Regarding claim 5, Yang in view of Onzon discloses The method of claim 4, wherein the node features of the UV patches of the first subset are determined based on a fully convolutional network (FCN) in which the UV patches of the first subset are encoded into a F-dimensional latent space, the F being a positive integer. (Yang, page 4, section 4.1.1, “Practically, each patch can be of arbitrary geometric shapes, so we rasterize each patch in 𝑠𝑖 (including 𝑃𝑖−1) to a 50 × 50 2D image. For each patch, we move their center-of-mass (COM) to the image center and encode each patch using a shared Fully Convolutional Network (FCN) into a 432-dimensional latent code 𝑝𝑖 ≜ FCN(𝑝𝑖), which is concatenated as 𝑠𝑖 = FCN(𝑠𝑖 ) for short”).
Regarding claim 6, Yang in view of Onzon discloses The method of claim 4, where the packing the UV patches in the first subset of the L subsets further comprises:
based on a low-level pose network (LPN) that is configured to determine a pose of a UV patch in the primary set, (Yang, page 3, section 4.1, “Given 𝑝𝑖 and 𝑃𝑖−1, the low-level packing algorithm needs to select the translation 𝑡𝑖 and rotation 𝜃𝑖 for 𝑝𝑖 such that the packed shape 𝑃𝑖 ≜ [𝑅(𝜃𝑖 )𝑝𝑖 + 𝑡𝑖 ] ∪ 𝑃𝑖−1 is collision-free with a high packing ratio”).

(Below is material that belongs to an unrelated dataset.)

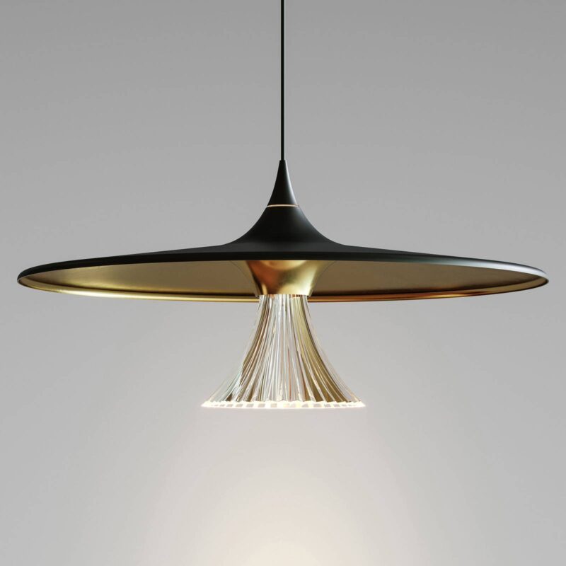 Závesné svietidlo Ipno LED v čiernej a zlatej farbe: harmonicky elegantný dizajn od Michele de Lucchi Toto dizajnové závesné svietidlo zaujme v každom modernom aj klasickom prostredí. Ipno je vybavené širokým tienidlom z hliníka, ktorého horná strana je lakovaná čiernou farbou, zatiaľ čo spodná strana je zlatej farby. Ako zdroj svetla slúžia teplé biele LED diódy, ktoré sú v strede v spodnej časti obklopené menším tienidlom z priehľadného plastu. Ten je vybavený pravidelnou štruktúrou drážok, ktorá zabezpečuje atraktívne lomy svetla, takže zlatý odtieň veľkého tienidla je účinne zdôraznený a dodáva svetlu teplý charakter. Závesné svietidlo Ipno LED vytvoril taliansky dizajnér a architekt Michele De Lucchi. Je medzinárodne známy svojimi návrhmi budov pre firmy a múzeá. Závesné svietidlo Ipno vyrába taliansky výrobca Artemide. Okrem vynikajúcej kvality si spoločnosť zakladá na filozofii optimálneho prispôsobenia svetelného efektu potrebám človeka.

determining a state space, the state space indicating position states of the already-packed patches and the to-be-packed patches in the first subset;
determining an action space for the to-be-packed patches, the action space indicating candidate packing actions for the to-be-packed patches; (Yang, page 4, section 4.1, “the MDP is identified with a tuple < 𝑆,𝐴, 𝜏, 𝑟 >, which models the procedure of a decision-maker iteratively observing the current system state in the state space 𝑆 and taking an action in the action space 𝐴 to change the environment”; page 4, section 4.1.1, “State Space 𝑆. During the 𝑖-th iteration, the LPN observes the current system
state 𝑠𝑖 in the state space 𝑆. In our problem, we assume LPN can observe the current packing patch 𝑃𝑖−1 and a set of at most 𝐻 future patches to be packed, i.e., 𝑠𝑖 ≜ (𝑃𝑖−1, 𝑝𝑖 , · · · , 𝑝𝑖+𝐻−1). This is because future patches can affect the pose of the current patch in order to achieve joint optimality”). Note that: (1) when packing the current 𝑃𝑖−1 in the first subset, the future patches can be regarded as the to-be-packed patches; and (2) Action space and state space are common to a reinforce network and its iteration.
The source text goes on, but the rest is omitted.